SALON

When a party quits on its candidate

George Will is apparently already set to raise the white flag on the race for president

Topics: War Room,

When a party quits on its candidateCommentator George Will (L) talks with Mitch Daniels, Governor of Indiana, at the Conservative Political Action conference (CPAC) dinner in Washington February 11, 2011. REUTERS/Jonathan Ernst (UNITED STATES - Tags: POLITICS) (Credit: © Jonathan Ernst / Reuters)

George Will has concluded that neither Mitt Romney nor Rick Santorum is likely to be elected president and believes that conservatives should set their sights on a more “attainable” 2012 goal: holding the House and winning the Senate.

“If Republicans do, their committee majorities will serve as fine-mesh filters, removing President Obama’s initiatives from the stream of legislation,” Will writes in a column that won’t be published until Sunday but that was teased by Politico’s Mike Allen today.

What’s striking is how early Will seems to be raising the white flag on the presidential race. Election Day is still eight months away, Barack Obama’s approval rating remains under 50 percent in most polls, the current economic recovery seems very tenuous and could stall at any moment, and general election trial heats put Romney (and Santorum, for that matter) within striking distance of the president.

Moreover, while this has been a dispiriting primary season for the GOP, it’s not exactly unheard of for a bloody nomination process to produce a weak-seeming nominee who goes on to capitalize on economic anxiety and do quite well in the fall.

And yet, Will, according to Allen, is raising the specter of a Goldwater/1964-like November catastrophe for the party.

This speaks to the poor impression Romney, Santorum and every other Republican who has sought the presidency this cycle has made on most of the party’s opinion-shaping class. Romney’s image with independent voters has suffered mightily, and there’s now substantial evidence that blue-collar voters – a key constituency that swung hard to the GOP in the 2010 midterms – are turned off by him. And Santorum is using his turn in the limelight now to demonstrate that he’s incapable of carrying a broad message and that as the party’s fall candidate he’d incite one politically toxic culture war after another.

It’s also testament to the undeniably positive trend in economic news since last fall. The unemployment rate has declined for five consecutive months and now sits at 8.3 percent, the lowest it’s been since the first full month of Obama’s presidency. And recent headlines have celebrated the revival of the auto industry and breakthrough stock market gains. As a result, Obama’s approval rating has been ticking up – and it will continue to do so as long as the good news keeps up. So while Will’s defeatism is premature, it’s also a preview of what we’ll be hearing from his GOP opinion leaders if their White House prospects continue to deteriorate.

This calls to mind the predicament the party faced the last time it tried to unseat an incumbent Democratic president, back in 1996. In the early days of that race, when memories of the GOP’s 1994 midterm landslide were fresh, it was taken for granted that Bill Clinton would be supremely vulnerable. But as the campaign progressed, a steady stream of good economic news restored his approval rating to health, while the poisonously unpopular image of Newt Gingrich and the Republican Congress worked against Bob Dole, the GOP nominee.

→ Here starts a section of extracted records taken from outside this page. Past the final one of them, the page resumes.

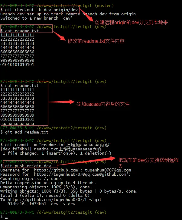 可以看到 推送成功了,如果我们现在要推送到其他分支,比如dev分支上,我们还是那个命令 git push origin dev
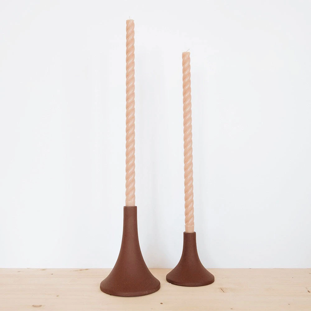 Ceramic grand taper holders offer a fresh variation in shape and size and boast a clean, matte finish. With stand-alone appeal, they also feel dynamic as a collection. Each holder is sized to fit a standard taper candle. Due to the hand-finished nature of this product, slight form variations may occur.
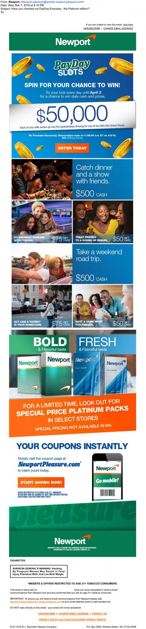Email from Newport in March 2018 promoting the PayDay Slots sweepstakes, with a link to the brand website to enter. Mentions a special price discount in select retail stores for their Platinum products, and advertises the availability of instant mobile coupons.
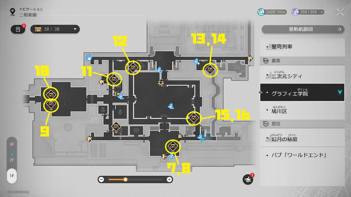 以上が【崩壊スターレイル】「グラフィエ学院」名もなき初20体の場所まとめ【二相楽園】になります。
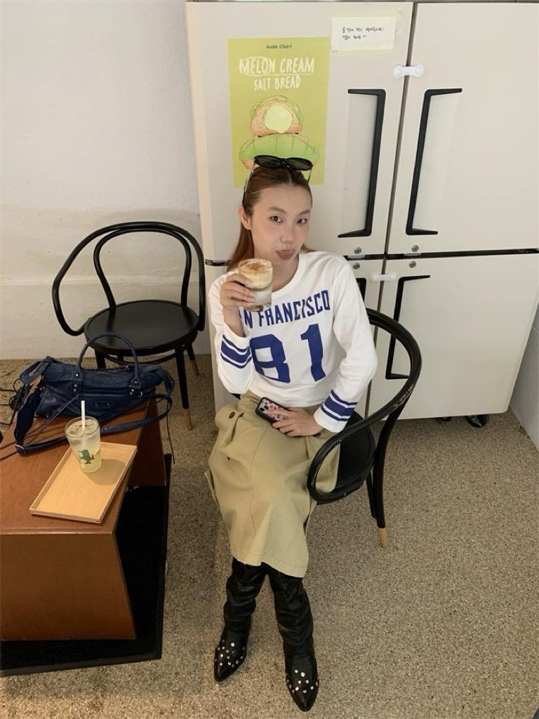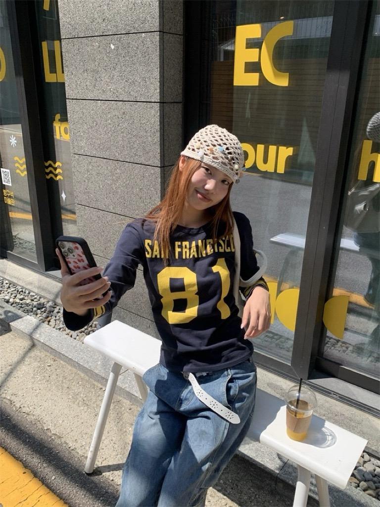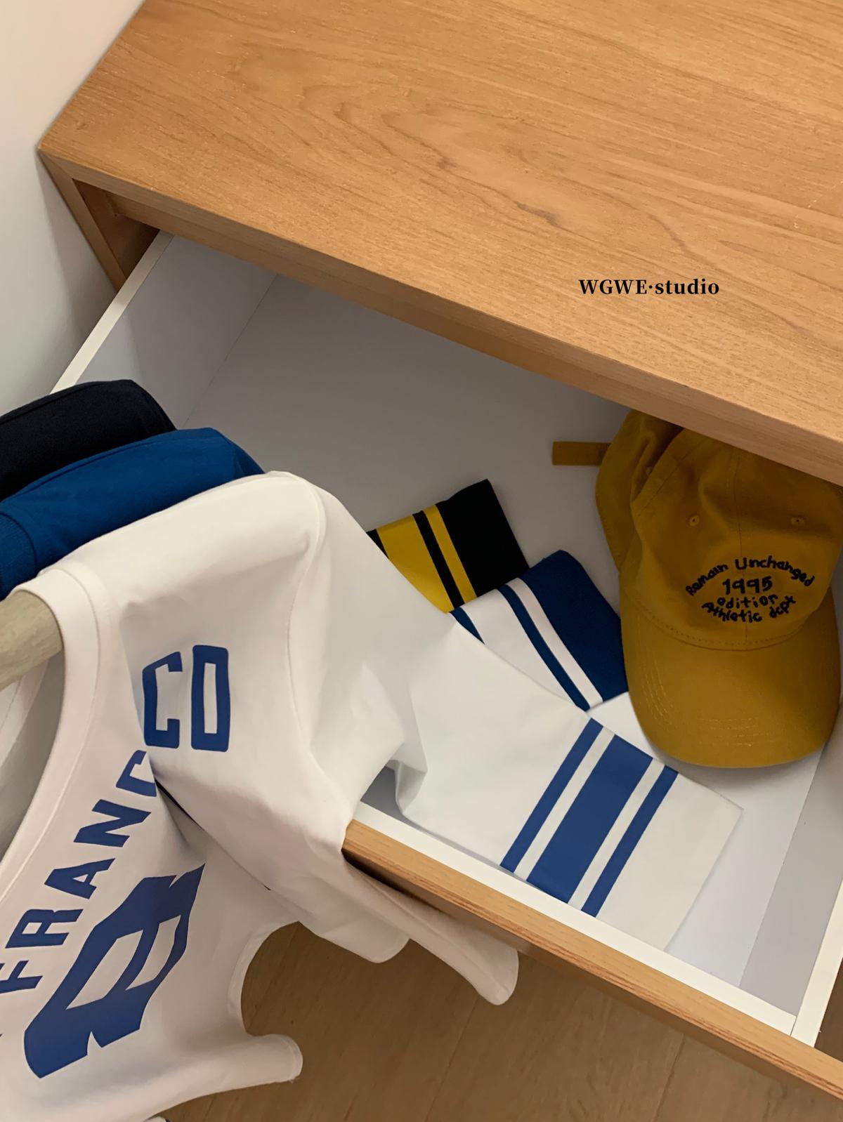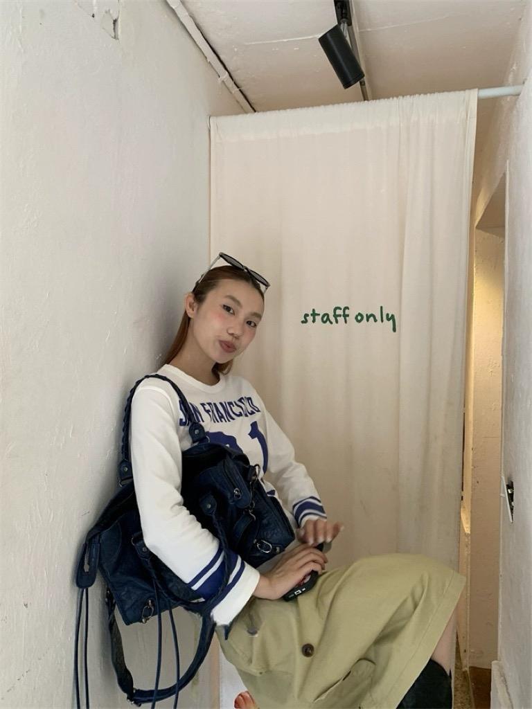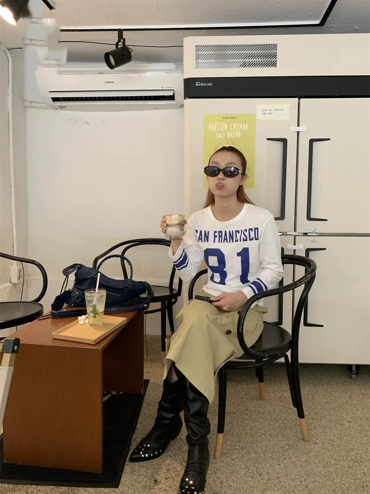 3. 【C7241】美式復古簡約時尚休閒藏青黃撞色印花長袖T恤
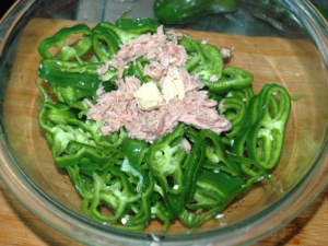 ![]() ②耐熱ボールに、ピーマン、シーチキン、ウェイパーを入れて軽く混ぜましょう。 |
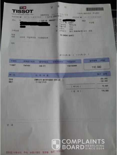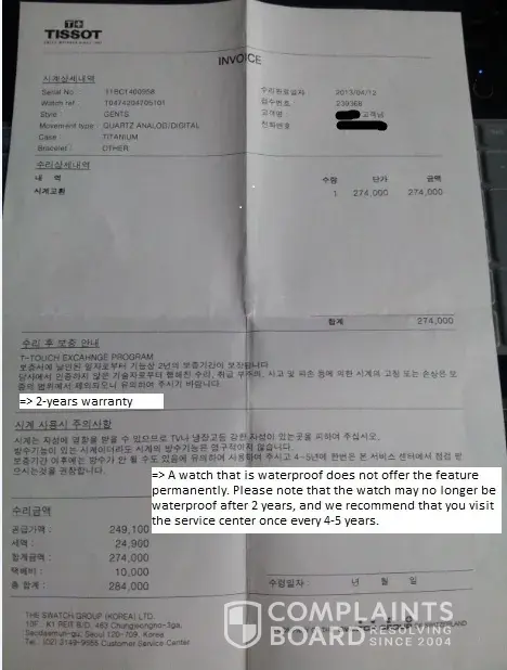To wrap things up, I bought a watch for 516 USD and Swatch Group drained 596 USD from me for a defective watch. I was sold an unqualified product in the guise of a promotion, unless there is no OQC process. I would suggest Tissot Korea to refrain from using the term Bang Su (waterproof); it should be Nae Su (water resistant).
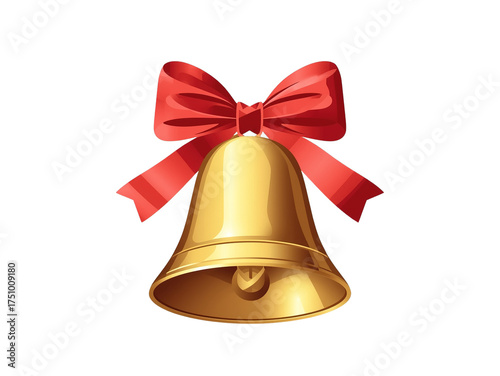 Classic golden bell with a vibrant red bow, perfect for holiday cards, festive decorations, and winter celebrations, creating a warm and joyful seasonal atmosphere
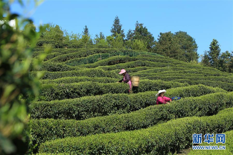4月2日,茶農(nóng)在重慶市南川區(qū)興又緣茶園采摘春茶。新華社記者韓曄攝

When Dole failed to score any points in the two October debates, his party gave up on him for good.

“I think most Republicans feel the presidential campaign is basically over, barring an act of God,” Bill Kristol said at the time.

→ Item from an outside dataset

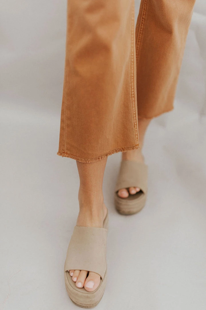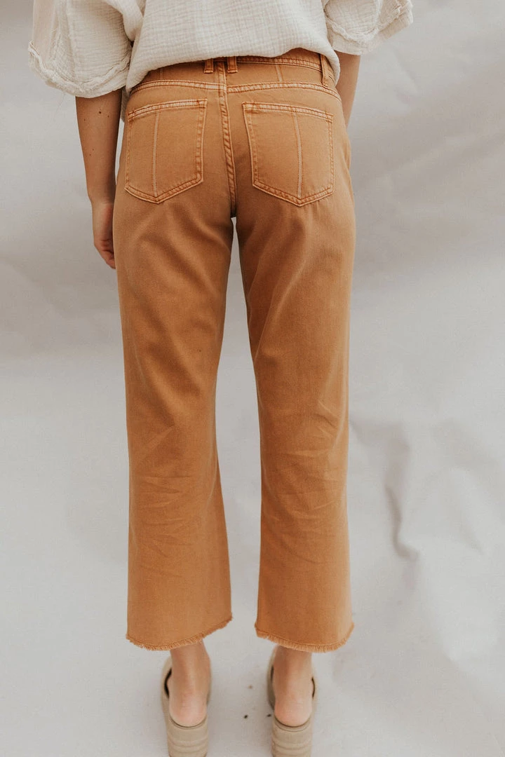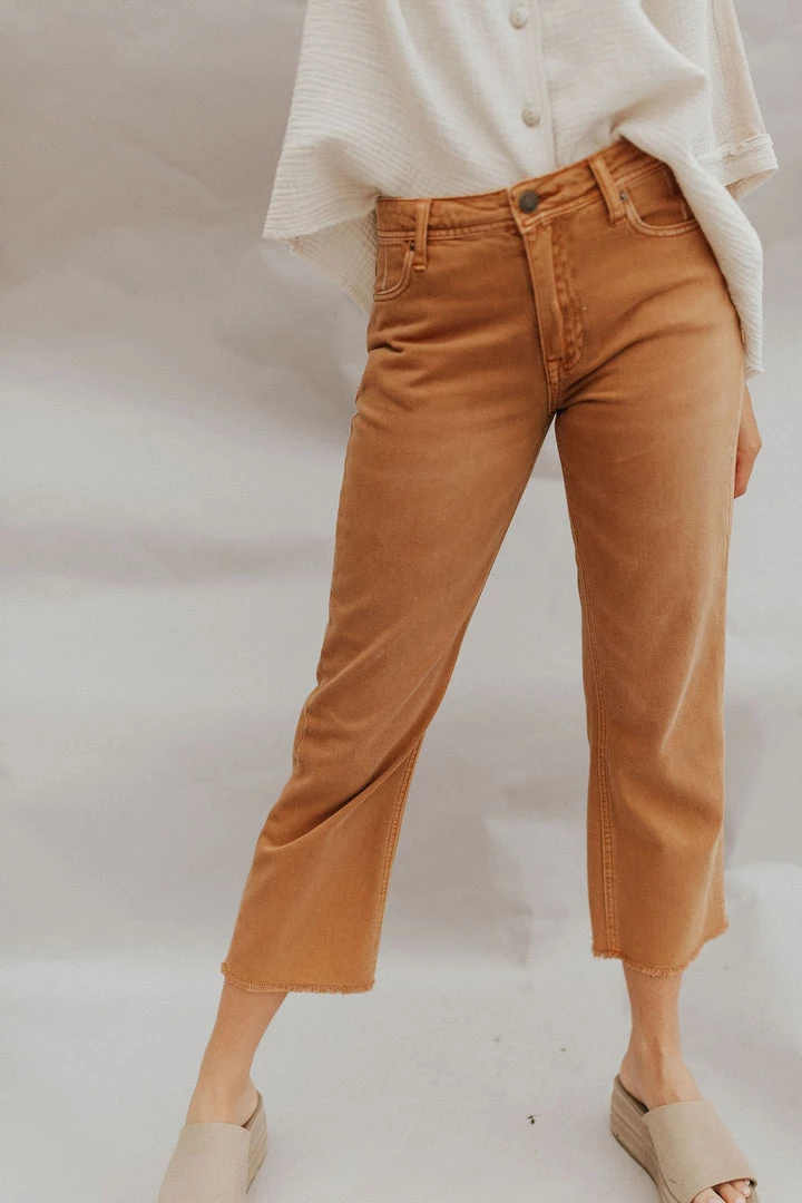 Raw hem cropped jeans. Soft washed look and feel. Straight wide leg. Mid-rise.

Dole was essentially cut loose by his fellow Republicans as they pursued a stretch-drive strategy that warned about the dangers of giving Clinton a “blank check” in his second term.

“Electing Bob Dole president is not and has never been our only goal,” Haley Barbour, then the chairman of the RNC, said. “Our priority is to increase our majority.”

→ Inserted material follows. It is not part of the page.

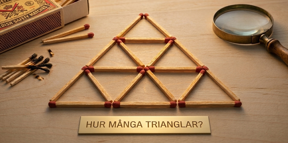 Många försöker snabbt räkna trianglarna och ger ett svar direkt. Tyvärr är det oftast fel. Varför? För att de flesta bara ser de uppenbara formerna och missar de dolda.

Gingrich himself announced that “I think Dole won’t lose by a landslide — maybe by 5 or 6 percent.”

Whether it was because of their strategy or something else, Republicans got what they wanted and retained the House and Senate on Election Day, even as Dole lost by 8 points to Clinton. The more Republicans come around to Will’s perspective, the larger the ‘96 example will loom over this year’s race.